The Fly

Little fly,
Thy summer’s play
My thoughtless hand
Has brushed away.

Am not I
A fly like thee?
Or art not thou
A man like me?

For I dance
And drink and sing,
Till some blind hand
Shall brush my wing.

If thought is life
And strength and breath,
And the want
Of thought is death,

Then am I
A happy fly,
If I live,
Or if I die.

William Blake, The Fly, Songs of Experience, 1794.
At the televised Vice-Presidential debate last week with Kamala Harris, Mike Pence spectacularly ignored the fly that came to rest very publicly on his head. This act of wilful ignorance crowned Pence’s role at the side of Donald Trump as ‘the man who pretended not to notice‘.

Mike Pence and flyThe kinds of things Pence has not noticed recently include the deaths of over 200,000 US citizens from Coronavirus, the detention and isolation of children at the Mexican border, raging wildfires consuming parts of the country as a result of global warming, and the promotion of white nationalist terrorism by his overseer, Donald Trump – Pharaoh and President of the United States of America. And now, in an epic fit of solipsism, Pence decided that perhaps if he ignored the fly, millions of others, watching on TV, would also ignore it and solike the fires, the detained children and coronavirus patientsthe fly would become a non-issue.
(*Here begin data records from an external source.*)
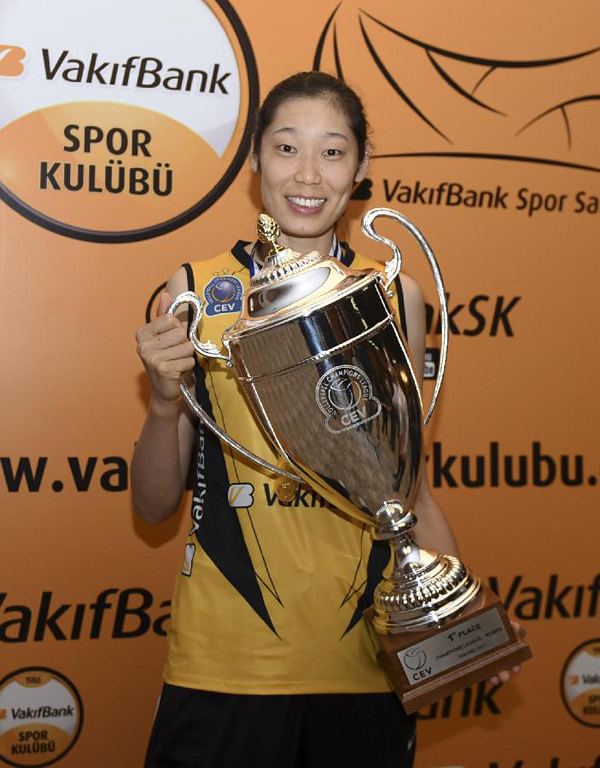 4月26日,瓦基弗银行队球员朱婷在新闻发布会上展示欧冠奖杯。当日,土耳其瓦基弗银行排球队在伊斯坦布尔举行新闻发布会,庆祝球队获得2016-2017欧洲女子排球冠军联赛冠军。
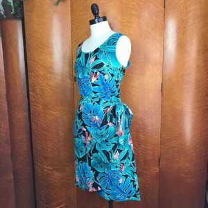 Gorgeous, super crisp, barely worn, TROPICAL Birds of Paradise COTTON sundress with tie waist, sleeveless cut and vivid colors. The Hawaiian Original. Black & Turquoise beauty. THE PERFECT pinup dress. Ultra tiki, VLV ready and perfect for cocktails by the pool or tiki bar.
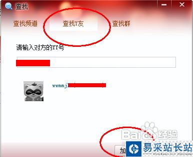 2、在查找Y友選項卡中輸入好友的賬號點擊查找按鈕即可進行查找,然后點擊加為好友按鈕
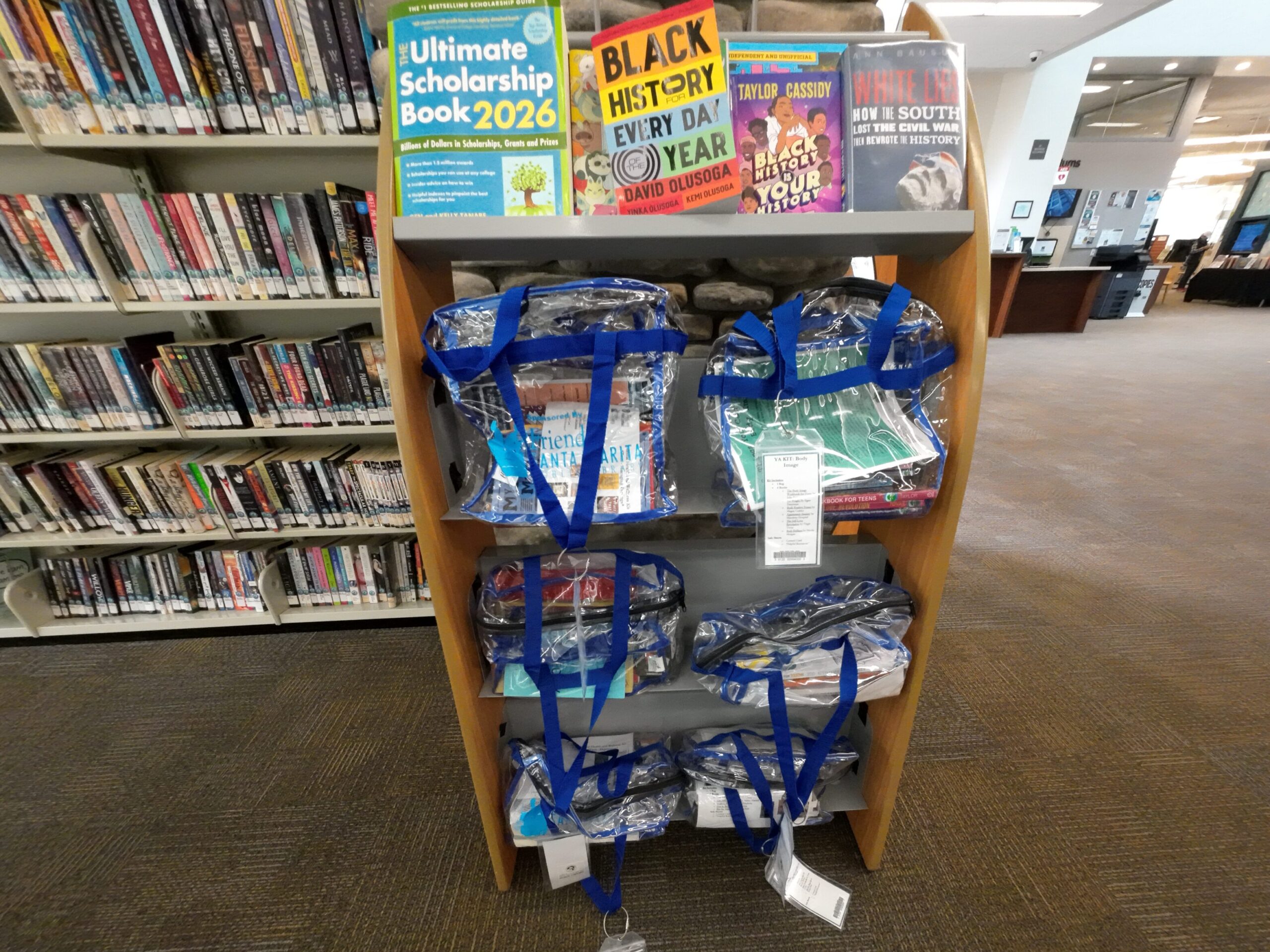 TEENコーナーには,フィクション,ノンフィクション,グラフィックノベルが排架されている。興味深かったのは,図書,情報,ものを組み合わせたバッグである。テーマは,ボディイメージ,鬱,感情のコントロール,マインドフルネスなどであった。マインドフルネスのバッグには,関連図書5冊,情報シート2枚,カードデッキが入っている。これらは図書館スタッフがテーマを考え,資料やツールを組み合わせて作成しているとのことであった。この階には,スタディールームやコンピュータラボもある。コンピュータラボの前にはデルのラップトップキヨスクが設置されていた。この図書館もパスポートサービスを行っている。

With respect to global warming, his attempt to ignore the fly stands in for his ignoring nature generally. But anyway, who cares about this fly? Well, Blake did.

“How do you know but every bird that cuts the airy way, is an immense world of delight, closed by your senses five?”

In Blake’s ‘four-fold vision’, we do not see with the senses but through them.  

I assert, for myself, that I do not behold the outward creation, and that to me it is hindrance and not action. “What!” it will be questioned, “when the sun rises, do you not see a round disc of fire somewhat like a guinea?” Oh! no, no! I see an innumerable company of the heavenly host crying “Holy, holy, holy is the Lord God Almighty!” I question not my corporeal eye any more than I would question a window concerning a sight. I look through it, and not with it.
Blake, A Vision of the Last Judgment, c. 1810.     

But this expanded perception is not a matter of Blake adding an overlay to what is given by the senses. Blake did not think his vision of the heavenly host was a mere hallucination, relevant only to himself. He saw through the senses, but what he saw on the other side was real.    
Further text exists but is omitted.